463. Elevation of San Miniato. (From drawing by R. W. Schultz.)

The church of San Miniato (Woodcuts Nos. [461]-[463]), on a hill overlooking Florence, is one of the earliest (1013), as well as one of the most perfect, of the Byzantine-Romanesque style. Internally it is only 165 ft. in length by 70 in width, divided longitudinally into aisles, and transversely into three nearly square compartments by clustered piers supporting two great arches which run up to the roof. The whole of the eastern compartment is occupied by a crypt or under-church open to the nave, above which are the choir and apse, approached by flights of steps in the aisles. The entire arrangement, together with the division of the nave into three compartments, is most satisfactory, and the proportions of the whole are very appropriate. The pillars themselves are so nearly classical in design that they almost seem to have been taken from some ancient building, and the architraves and stringcourses are all well designed and fitted to the places they occupy. The principal ornament of the interior is an inlaid pattern of simple design, sufficient to relieve the monotony of the interior, but without producing any confusion. The exterior depends principally, like the interior, for its effect on coloured panelling, but has a range of blind arches running round the sides and across the front. The façade, however, is very badly designed: either it was one of the earliest examples, and the architects had not learned how to combine the sloping roofs of the aisles with the upper part of the façades, or it has been altered in more modern times; but for this slight defect it would be difficult to find a church in Italy containing more of classic elegance, with perfect appropriateness for the purposes of Christian worship.

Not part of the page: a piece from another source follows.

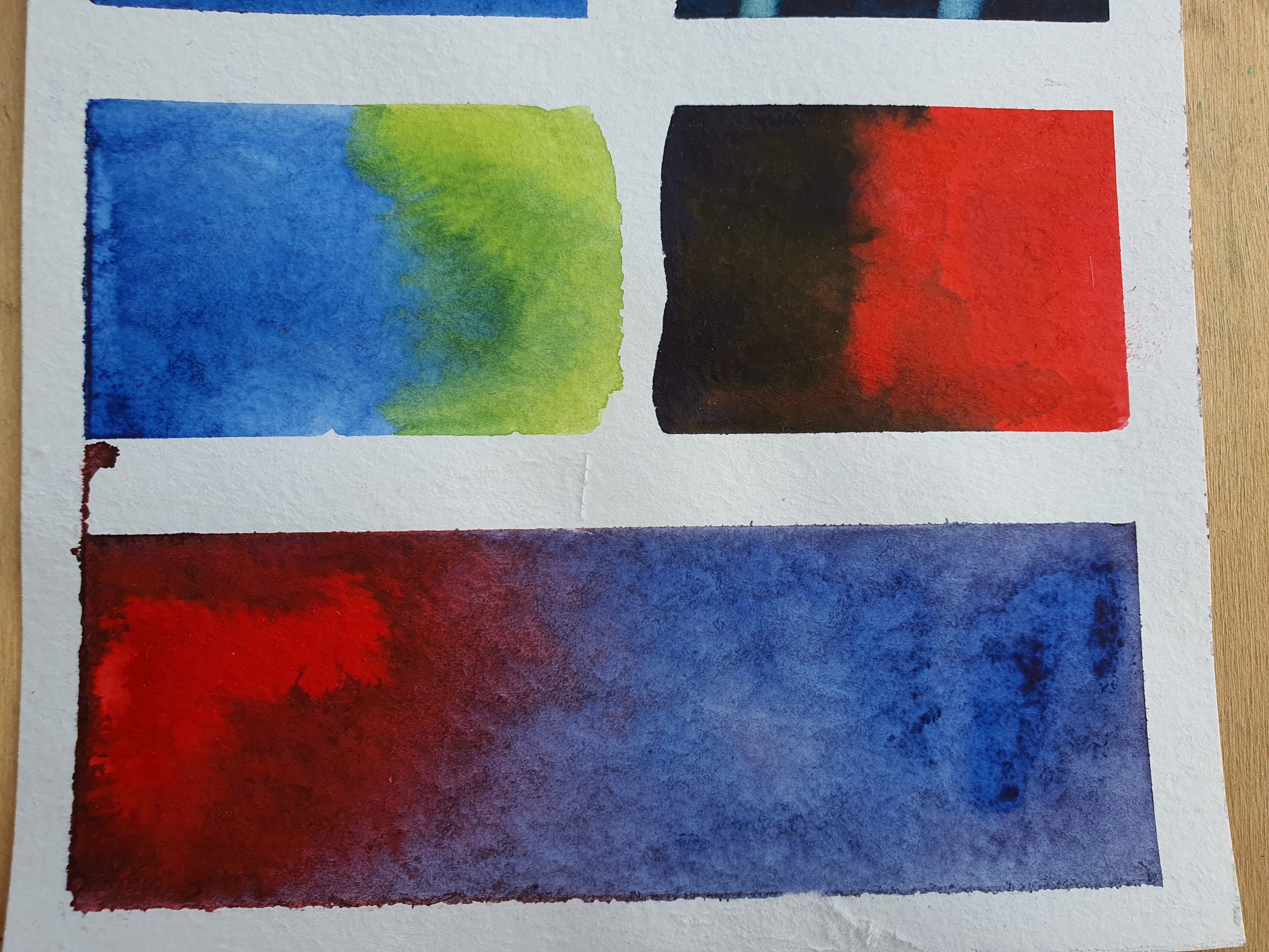 В ещё влажном виде результат казался катастрофой: затекание под скотч, вспухивание бумаги, образование луж, пигменты словно сражались друг с другом, краска, словно скатывалась с поверхности и её несло хаотично.

464. Transverse Section of San Miniato. (From R. W. Schultz.)

There must have been several, probably many, buildings in the same style erected in Tuscany during the first half of the 11th century. Otherwise it is almost impossible to understand how so complete a design as that of Pisa Cathedral could have been executed. It was commenced apparently in 1006, but it was not till 1063, after the plundering of Palermo, according to Reber,[[305]] that the means were provided for the extraordinary richness of the design, the magnificence of which had at that time no parallel among the ecclesiastical edifices of Italy; the work was suspended in 1095, and could only be resumed by means of pecuniary aid given to the undertaking by the Byzantine emperor. After the consecration of the cathedral in 1103, the interior decorations were carried on until the 15th century. Internally its design is evidently based on that of the basilicas of Rome and Ravenna, except that instead of the range at the latter place of figures in mosaic, it has a splendid triforium gallery and in plan strongly marked projecting transepts. Its great merit, however, as a design arises from the fact that the builders had learned to proportion the parts to one another so as to get greater magnificence with very much smaller dimensions. The size, for instance, of the nave of San Paolo fuori le Mure at Rome is 290 ft. by 215; these dimensions are nearly double those at Pisa, where they are 173 ft. by 106. Yet, in consequence of the greater relative height of the nave and the better spacing of the pillars and proportion of the parts, the interior of Pisa is more pleasing and more impressive than the Roman church. Its effect, too, is immensely increased by the truly Mediæval projection of the transepts. In no church in Italy is there such poetry of perspective as in looking anglewise across the intersection, and seldom anywhere a more satisfactory interior than that of this church.